God, however, is never hesitant to prune out the areas of our lives holding us back from bearing the fruit he created us to bear. He knows the process is painful for us. Thankfully, in His infinite wisdom He also knows all that we can be, even if we haven’t a clue. And so, he prunes. We, unlike, my hydrangea tree, have a choice to make. As we go through a season of pruning, we can stop in our pain and refuse to go any further, never to experience the life God intended for us to live.

Or we can choose to let go of whatever darkness is hindering our relationship with God. He doesn’t expect us to do it alone, but with his help and in his strength. “Remain in me, and I will remain in you. No branch can bear fruit by itself; it must remain in the vine. Neither can you bear fruit unless you remain in me. I am the vine; you are the branches. If a man remains in me and I in him, he will bear much fruit; apart from me you can do nothing.” John 15:4-5 Jesus goes so far as to say that without him, we can do nothing. We simply cannot be fruitful apart from him.

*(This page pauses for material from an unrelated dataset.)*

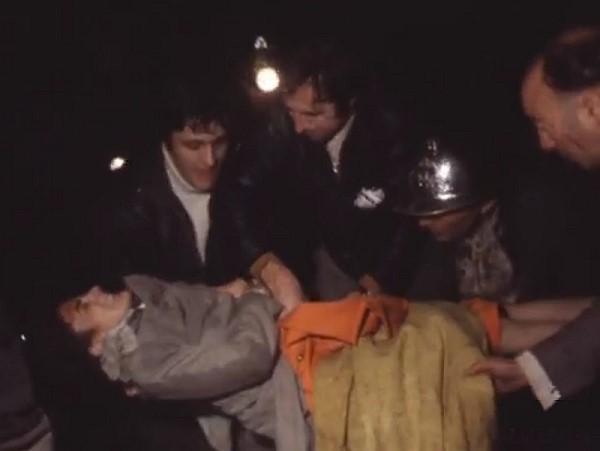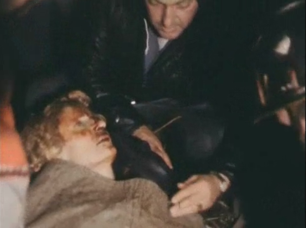 une équipe de télé et brancardiers s'agitent. Les

As the spring sunshine warms my hydrangea tree, shining its rays on the newly sharp cut edges, the tree will burst forth with buds that will grow into emerald leaves. The pain of the cutting will disappear into a multitude of sweet fragrant blooms. Like the sun’s light, God’s light shines healing rays of truth into the hidden areas of our hearts that are most in need of healing and growth. We were made to live fully in the light of God’s love and truth, free and abundantly fruitful. Anything less is living the half life.